§ WORK REQUEST:
Repeat the listing exactly as given, omitting every image.

§ DATASET EXCERPT:
· · · · · · ·

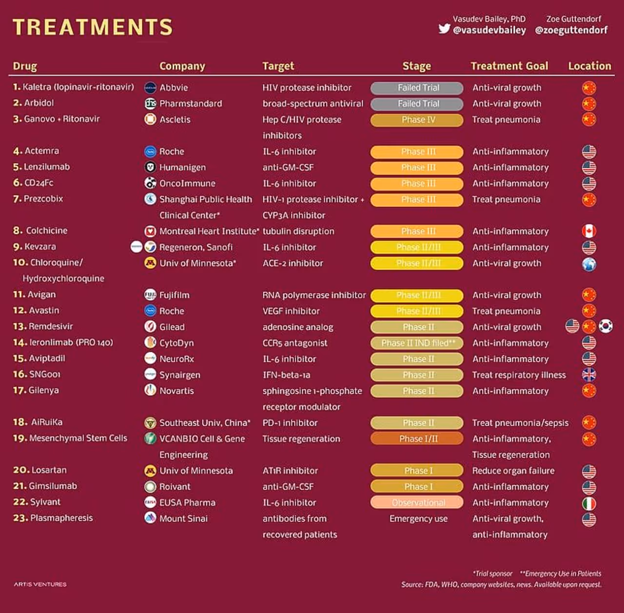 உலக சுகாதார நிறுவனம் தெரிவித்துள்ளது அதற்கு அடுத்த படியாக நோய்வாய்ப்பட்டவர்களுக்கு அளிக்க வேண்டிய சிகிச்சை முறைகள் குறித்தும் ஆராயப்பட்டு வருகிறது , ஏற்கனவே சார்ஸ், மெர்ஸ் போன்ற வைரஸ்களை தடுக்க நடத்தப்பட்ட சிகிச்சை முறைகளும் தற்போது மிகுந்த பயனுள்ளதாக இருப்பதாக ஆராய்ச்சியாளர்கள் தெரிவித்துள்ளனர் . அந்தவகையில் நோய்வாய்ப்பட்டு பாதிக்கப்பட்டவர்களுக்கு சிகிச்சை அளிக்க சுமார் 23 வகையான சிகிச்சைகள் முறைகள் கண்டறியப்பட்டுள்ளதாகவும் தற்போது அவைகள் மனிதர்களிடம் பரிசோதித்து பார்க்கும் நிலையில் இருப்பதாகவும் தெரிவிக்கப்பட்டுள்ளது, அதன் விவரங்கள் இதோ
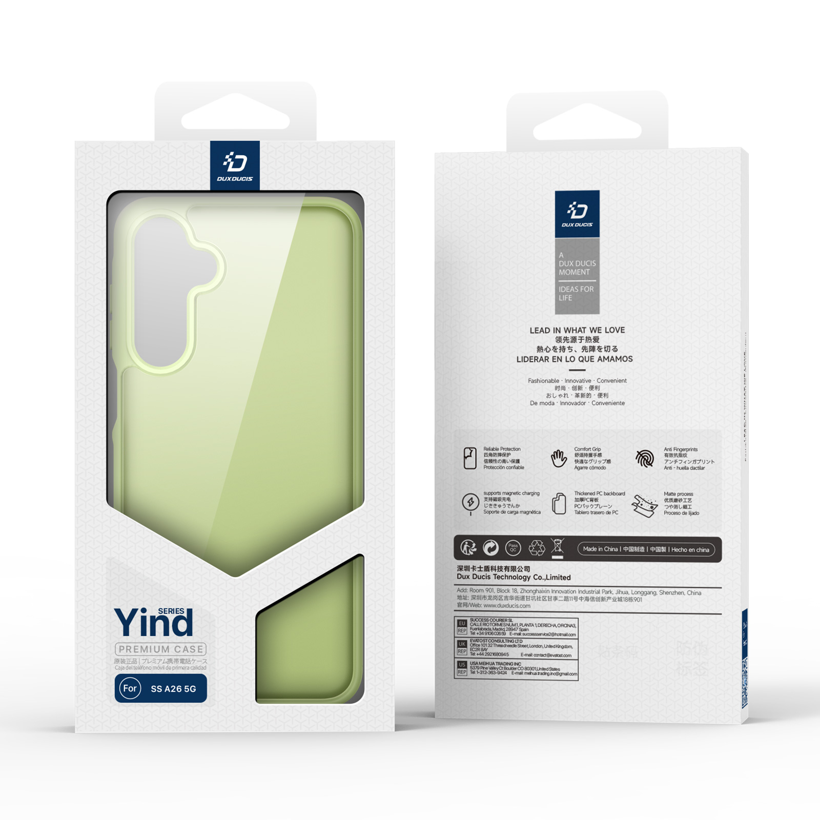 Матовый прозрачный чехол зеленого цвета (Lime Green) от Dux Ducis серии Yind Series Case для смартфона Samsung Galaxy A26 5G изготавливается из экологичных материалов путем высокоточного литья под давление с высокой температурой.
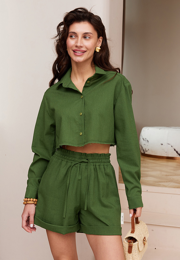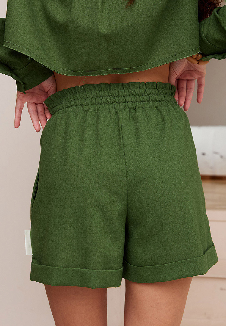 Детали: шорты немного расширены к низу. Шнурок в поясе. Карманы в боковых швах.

· · · · · · ·

§ SOLUTION FOR THIS PROBLEM:
 உலக சுகாதார நிறுவனம் தெரிவித்துள்ளது அதற்கு அடுத்த படியாக நோய்வாய்ப்பட்டவர்களுக்கு அளிக்க வேண்டிய சிகிச்சை முறைகள் குறித்தும் ஆராயப்பட்டு வருகிறது , ஏற்கனவே சார்ஸ், மெர்ஸ் போன்ற வைரஸ்களை தடுக்க நடத்தப்பட்ட சிகிச்சை முறைகளும் தற்போது மிகுந்த பயனுள்ளதாக இருப்பதாக ஆராய்ச்சியாளர்கள் தெரிவித்துள்ளனர் . அந்தவகையில் நோய்வாய்ப்பட்டு பாதிக்கப்பட்டவர்களுக்கு சிகிச்சை அளிக்க சுமார் 23 வகையான சிகிச்சைகள் முறைகள் கண்டறியப்பட்டுள்ளதாகவும் தற்போது அவைகள் மனிதர்களிடம் பரிசோதித்து பார்க்கும் நிலையில் இருப்பதாகவும் தெரிவிக்கப்பட்டுள்ளது, அதன் விவரங்கள் இதோ
 Матовый прозрачный чехол зеленого цвета (Lime Green) от Dux Ducis серии Yind Series Case для смартфона Samsung Galaxy A26 5G изготавливается из экологичных материалов путем высокоточного литья под давление с высокой температурой.
 Детали: шорты немного расширены к низу. Шнурок в поясе. Карманы в боковых швах.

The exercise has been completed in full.